LLMWatch — Agentic LLM Quality Observatory on Splunk

Inspiration

LLM answer quality degrades silently. A model update, a prompt change, or a drifting RAG index can drop groundedness 20–50% with no error, no red dashboard, no alert — teams find out from customer complaints, not telemetry. Splunk already watches infrastructure at terabyte scale; LLMWatch points that same machinery at answer quality and adds an agent that acts.

What it does

LLMWatch instruments every LLM call into Splunk, then runs a closed-loop agent:

SENSE — reads quality signal from Splunk (MCP Server on Cloud, REST on local Enterprise)
DETECT — current hour vs 24h baseline, including silent drift
INVESTIGATE — root-causes failing calls with a Splunk hosted model (gpt-oss)
DECIDE & ACT — rolls back the bad model, behind a human-approval gate
LOG — writes its decision back to Splunk as an audit trail

Three Dashboard Studio dashboards visualize the quality observatory, regression investigation, and cost-vs-quality.

How we built it

A Python package: collector (HEC ingestion), judge (hosted-model LLM-as-judge + root cause), mcp_client (MCP/JSON-RPC with the streamable-HTTP initialize handshake), splunk_rest (REST search), agent (the control loop), actions (rollback/reroute/incident + approval gate). Quality = groundedness scored 0–1; SPL drives all analytics; Splunk Alerts fire the agent. Verified live end-to-end on Splunk Enterprise 10.4.

Challenges we ran into

Splunk 10.4 Dashboard Studio uses a new tabs/layoutDefinitions schema; the older layout.type/structure form plus a malformed hiddenElements meta caused "Layout undefined is not defined." Fixed by matching Splunk's own shipped dashboard format.
The Splunk MCP Server requires the streamable-HTTP initialize handshake before any tools/call.
Splunk's bubble chart maps columns positionally (x, y, size, category last).
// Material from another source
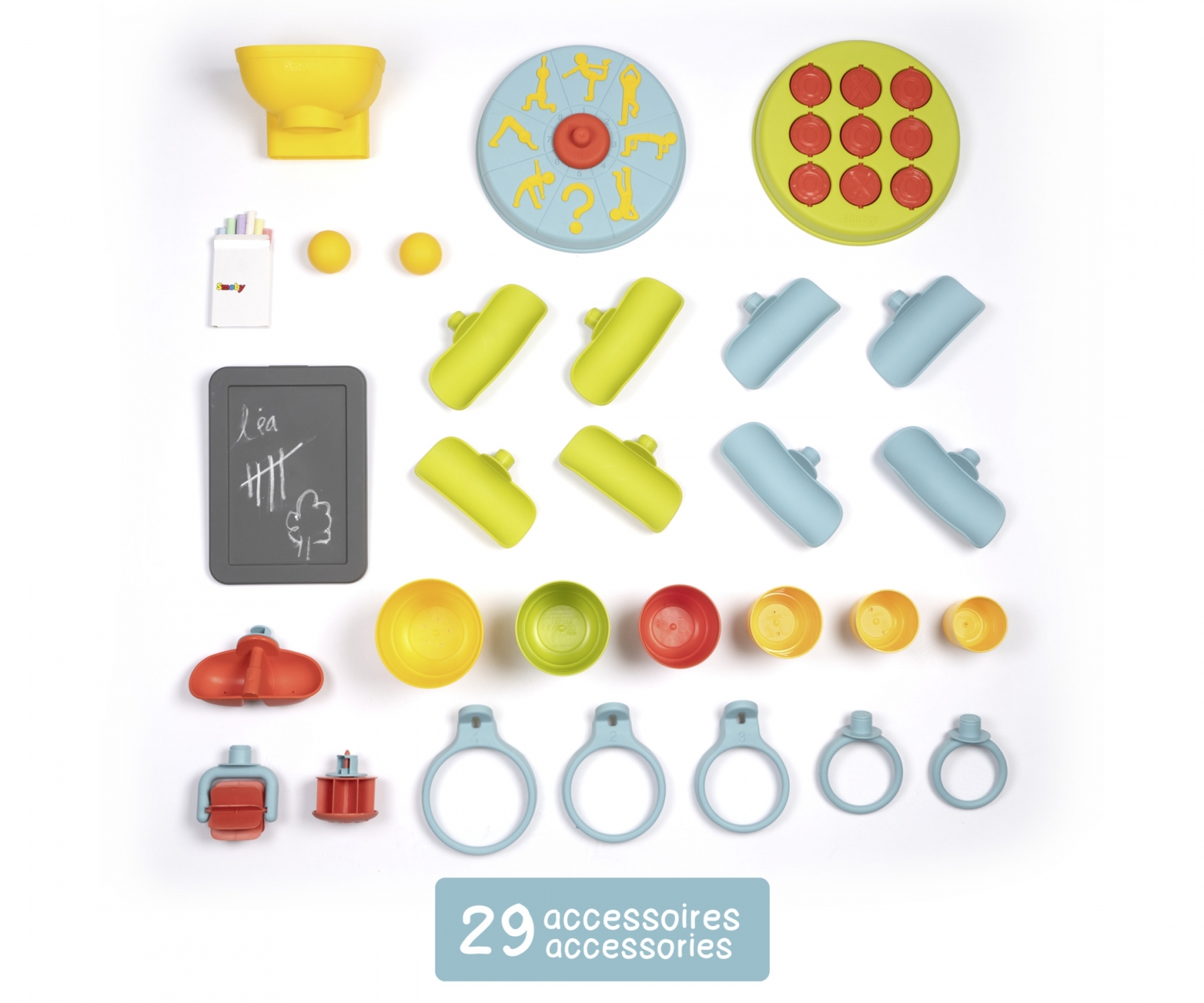 קיר הפעילות החדשני מבית Smoby מצרפת מביא לילדים שעות של משחק מהנה ומאתגר – בגינה, במרפסת וגם בתוך הבית. זהו קיר דו־צדדי עם שישה משחקי מים ומיומנות, שמזמין את הילדים לבנות מסלולים, להתנסות, לתכנן ולשפר יכולות תוך כדי משחק. עשוי לפחות 80% פלסטיק ממוחזר, עם עמידות גבוהה לשימוש יומיומי ותנאי חוץ.
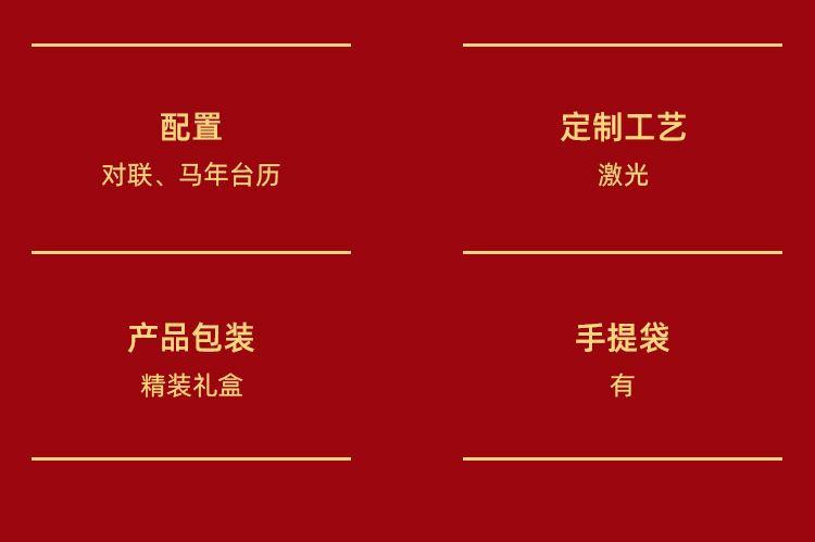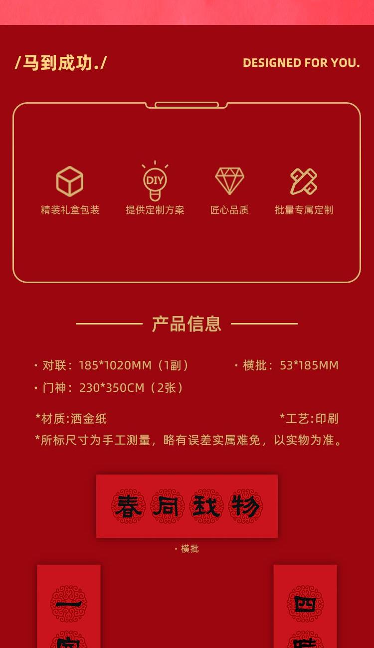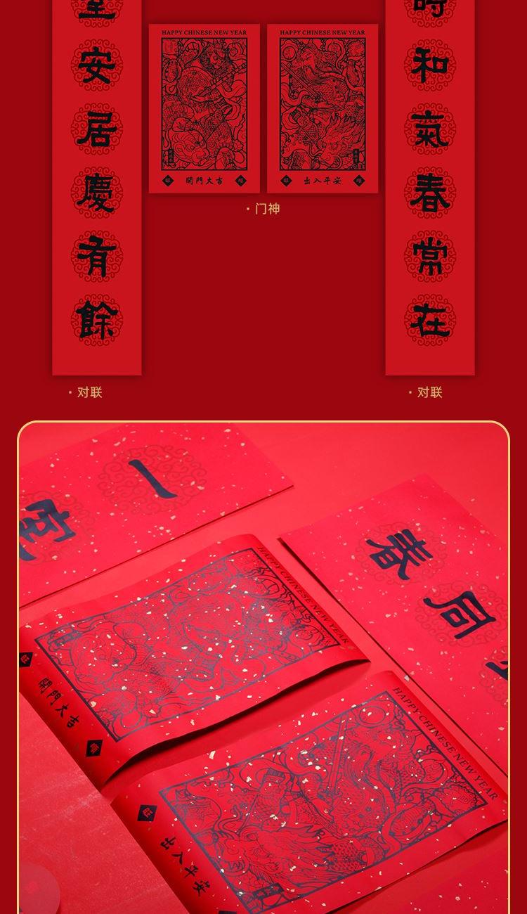 配置 春联*2横批*1 门神*2 台历 *1 材质 台历 艺术纸 撒金纸-触感纸 工艺:印刷烫金 春联185*1020cm*2 横批185*530cm*1 门神230*350cm*2 台历:128x215mm 礼盒:265*265*48mm

Accomplishments that we're proud of

A real, verified agentic loop on Splunk — not a mockup. On a live instance it caught a 52% groundedness drop, root-caused it to auth-domain prompts, and rolled back v2.3 → v2.2 autonomously, logging the decision back to Splunk. Responsible autonomy: human-approval gate + full audit trail. 9 unit tests; runs offline in ~5 seconds.

What we learned

Groundedness is the LLM metric nobody monitors — and it's exactly what Splunk observability + hosted models are good at. Closing the loop (act, not just alert) is what makes it agentic ops.